The environmental law organization EarthJustice is currently campaigning in California for the Right to Zero. The idea is to push for policies that change the way Californians use energy to transport themselves and their goods. Technology is already in place to build electric vehicles and produce energy from renewables. If you acknowledge the reality of our changing climate and the health problems that plague residents of California’s most polluted corridors, the Right to Zero campaign seems like a no-brainer.
But is it?
There is no doubt that we must move away from fossil fuels. California’s emission standards and policies like Cap-and-Trade are models for other states to consider as we begin to realize the effects of the mess we’ve gotten ourselves into. However, even these practices, which many perceive as radical and inconvenient, should be considered only as a starting point. Instead, Right to Zero seems to view these means as an end in itself.
Everyone loves the idea of having their organic, gluten-free cake with non-hydrogenated frosting and eating it, too. Too often, efforts to create an environmentally friendly lifestyle are merely an attempt to power the industrial status quo with “green” energy. While the Right to Zero agenda of producing no emissions at street level is a worthy goal, it won’t solve the underlying problem of industrial culture.

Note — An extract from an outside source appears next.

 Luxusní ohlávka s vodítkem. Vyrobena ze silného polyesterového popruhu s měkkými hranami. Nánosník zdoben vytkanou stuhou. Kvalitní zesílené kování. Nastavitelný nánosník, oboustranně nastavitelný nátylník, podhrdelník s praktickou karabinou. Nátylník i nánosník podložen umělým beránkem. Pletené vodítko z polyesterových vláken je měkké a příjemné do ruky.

Unfortunately, industrial culture as we know it is possible only when fueled by a bountiful supply of cheap, concentrated energy. We’ve been working our way through such a glut for the last 150 years or so. But as fossil fuels become harder and more energetically expensive to obtain, and the effects of a century and a half of burning them come home to roost, we need a better plan than just turning off the coal plants and rehooking the grid wires to wind farms. We need a completely new vision.

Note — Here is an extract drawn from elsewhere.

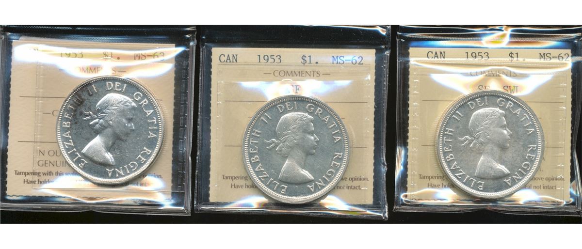 1953 $1 SF, NSF & SF SWL ICCS MS62 to MS63. Lot of 3 coins

For instance, let’s stop pretending that hooking everything up to the electrical grid will ever be energy efficient. No matter how electricity is generated, a surprising amount is lost between the power plant and the final end use. Thermodynamic limits mean that only a fraction of the potential energy in the material we burn to create electricity actually makes it onto the grid in the first place. Granted, this matters more when we’re burning coal than when we’re collecting sunlight, but diffuse and fickle sunlight isn’t up to powering all of our energy wants, either. Once the power is sent through the wires, even more is lost as heat every step of the way.
Lost in Transmission: How much energy do we lose from plant to plug? Posted by Inside Energy.

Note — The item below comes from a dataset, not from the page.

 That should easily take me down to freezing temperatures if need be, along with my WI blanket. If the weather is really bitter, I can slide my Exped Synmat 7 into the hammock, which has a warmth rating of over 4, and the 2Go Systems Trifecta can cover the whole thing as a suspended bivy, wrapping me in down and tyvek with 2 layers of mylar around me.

One way to make better use of energy is to create it much closer to the end user. This means decentralizing production and empowering individual households to create the energy they need. Of course, it’s hard to fuel a modern, electricity-hungry home only on the power the household can create for itself with local renewables. That’s why an honest reckoning and reduction our needs and wants to more manageable levels for a lower energy budget is the first step toward true sustainability. This does not mean buying new cars that are built in power-sucking factories so that we can plug them into the grid and fuel them with coal burned miles away (and probably in a poorer neighborhood). These moves only outsource our pollution to somewhere else.
Of course, the Reagan administration sold us on the idea that we didn’t have to suffer through all of this hippy-dippy efficiency stuff. And except for local campaigns like Right to Zero, the Trump administration is pounding nails in environmentalism’s upcycled wooden coffin. The challenge we face is daunting. It’s hard to fight both businesses and the government in order to save the world for ourselves and our coal-rolling neighbors. That’s one reason why green veneers, like Right to Zero, which assure us we can do so without giving up any of our modern comforts, tempt us so easily. Don’t be seduced, though. The fight should be for a much bigger prize.